Informed Consent.
I understand that my treatment may include one or more of the following modalities, based on my provider’s clinical judgment:
Acupuncture: The insertion of sterile, single-use needles into specific points to support the body’s natural healing processes. Risks may include minor bleeding, bruising, soreness, or, in rare cases, dizziness or fainting.
Craniosacral Therapy: A gentle, hands-on approach to release tension in the craniosacral system using light touch to the head, spine, sacrum, or related areas. Temporary physical or emotional responses may occur.
Cupping Therapy: A suction technique using cups to improve circulation and release tissue tension. Cupping may leave circular marks or discoloration that can last several days.
Gua Sha: A scraping technique using a smooth tool to release stagnation and support circulation. This may cause temporary red or purple marks that typically fade within a few days.
Moxibustion (Moxa): The use of warming herbal heat (mugwort) near or on the body to stimulate healing. Care will be taken to avoid burns or discomfort.
Electroacupuncture: A mild electrical current applied to acupuncture needles to enhance therapeutic effect. Sensations may include tingling or pulsing.
Tui Na & Manual Therapies: These may include pressure, mobilization, and massage techniques rooted in East Asian medical traditions. Mild soreness may occur.
Chinese Herbal Medicine: I may be prescribed customized herbal formulas in pill, tincture, or tea form. I agree to follow dosage instructions and notify my provider of any side effects, allergies, or medication interactions.

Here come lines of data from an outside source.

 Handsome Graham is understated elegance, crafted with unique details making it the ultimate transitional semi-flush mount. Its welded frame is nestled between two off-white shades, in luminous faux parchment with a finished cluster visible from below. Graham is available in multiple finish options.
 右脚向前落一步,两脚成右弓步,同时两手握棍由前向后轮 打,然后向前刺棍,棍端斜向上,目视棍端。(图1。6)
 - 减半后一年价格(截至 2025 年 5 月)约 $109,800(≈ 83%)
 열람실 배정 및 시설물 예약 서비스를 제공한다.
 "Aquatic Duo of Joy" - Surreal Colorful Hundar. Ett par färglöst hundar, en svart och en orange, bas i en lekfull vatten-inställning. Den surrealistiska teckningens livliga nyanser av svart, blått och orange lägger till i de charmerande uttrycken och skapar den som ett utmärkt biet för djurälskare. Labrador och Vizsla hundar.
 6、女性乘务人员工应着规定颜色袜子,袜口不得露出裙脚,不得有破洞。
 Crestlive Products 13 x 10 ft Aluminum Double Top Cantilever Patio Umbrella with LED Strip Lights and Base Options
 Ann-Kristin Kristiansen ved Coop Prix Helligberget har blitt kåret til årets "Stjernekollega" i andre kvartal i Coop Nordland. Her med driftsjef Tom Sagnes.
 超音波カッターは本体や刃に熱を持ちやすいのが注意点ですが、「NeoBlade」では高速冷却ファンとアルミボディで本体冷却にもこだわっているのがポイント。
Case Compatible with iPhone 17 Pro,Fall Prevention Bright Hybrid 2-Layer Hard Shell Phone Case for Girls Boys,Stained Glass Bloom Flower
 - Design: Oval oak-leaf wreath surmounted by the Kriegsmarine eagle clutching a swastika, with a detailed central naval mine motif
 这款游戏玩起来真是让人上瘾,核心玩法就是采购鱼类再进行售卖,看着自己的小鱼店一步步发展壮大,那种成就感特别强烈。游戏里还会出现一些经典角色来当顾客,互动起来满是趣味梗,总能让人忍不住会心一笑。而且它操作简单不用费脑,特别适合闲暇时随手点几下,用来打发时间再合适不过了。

I understand that these therapies are generally safe but not a substitute for emergency medical care or primary care diagnosis.
I agree to inform my provider of:
Any current or suspected pregnancy, as certain techniques and herbs may be contraindicated during pregnancy.
Any medical conditions such as bleeding disorders, seizure disorders, heart conditions, implanted medical devices (like pacemakers), or known allergies.
Any changes in my health, medications, or relevant diagnoses.
I understand that I may stop treatment at any time and that all personal health information will be kept confidential within the limits of the law.
By signing below, I give my voluntary and informed consent to receive care using the modalities listed above.